AllDolphins: Instant reaction to Dolphins drafting Igbinoghene
31. Minnesota Vikings (from San Francisco): CB Jeff Gladney
Minnesota badly needed help at defensive back after losing Xavier Rhodes, Trae Waynes and Mackensie Alexander earlier this spring. Mike Zimmer historically prefers to develop cornerbacks from the bench in Year One, but with so few quality corners on the roster, don’t be surprised if Gladney starts in 2020—perhaps in a nickel slot role, which plays to his skill set. Zimmer’s corners are always sound tacklers. That, and blitzing, were two things Gladney did well at TCU.
InsideTheVikings: Minnesota Selects TCU Cornerback Jeff Gladney
32. Kansas City Chiefs: RB Clyde Edwards-Helaire
Few probably expected the short-but-not-small Edwards-Helaire to be the first running back taken. But the LSU product has the type of burst, lateral agility and quickness to create his own space as a runner, and he is a diverse weapon in the passing game.
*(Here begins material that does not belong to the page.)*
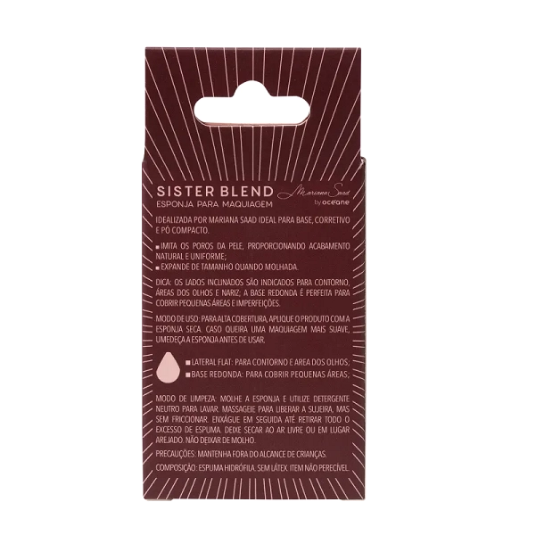 Esponja para maquiagem. Mariana Saad Sister Blend apresenta design moderno, que facilita a aplicação de produtos com texturas diversas, tanto em pó quanto cremosos. A Esponja de Maquiagem Mari Saad Sister Blend traz pontas que ajudam na cobertura de áreas menores do rosto, como olhos e nariz, e base redonda para uma maior camuflagem de imperfeições. Seu material, espuma hidrófila, sem látex, tem textura porosa igual a da pele, que garante um acabamento natural e uniforme para a make. Conselho de Aplicação A esponja pode ser usada úmida ou seca. Use as laterais arredondadas para aplicar a base ou o corretivo em áreas maiores, com movimento de leves batidinhas sobre a pele. Com a ponta mais fina, faça correções pontuais de imperfeições, manchas ou acne. Use a parte plana da esponja para espalhar o produto nas abas do nariz ou ao redor dos olhos. Quando molhada, a esponja expande de tamanho e proporciona um acabamento ainda mais suave do produto aplicado.Mariana Saad by Océane Sister Blend - Esponja para Maquiagem

A gripe with this pick is that you can almost always find a quality tailback in the middle rounds (yes, that old song) and there were good defensive backs still on the board. That includes Alabama’s Xavier McKinney, who would have been an excellent replacement (stylistically) for underappreciated departed free agent Kendall Fuller. But let’s remember: You don’t get the 32nd pick without doing a few things right as a franchise. It’ll be interesting to look back on this one a few years from now.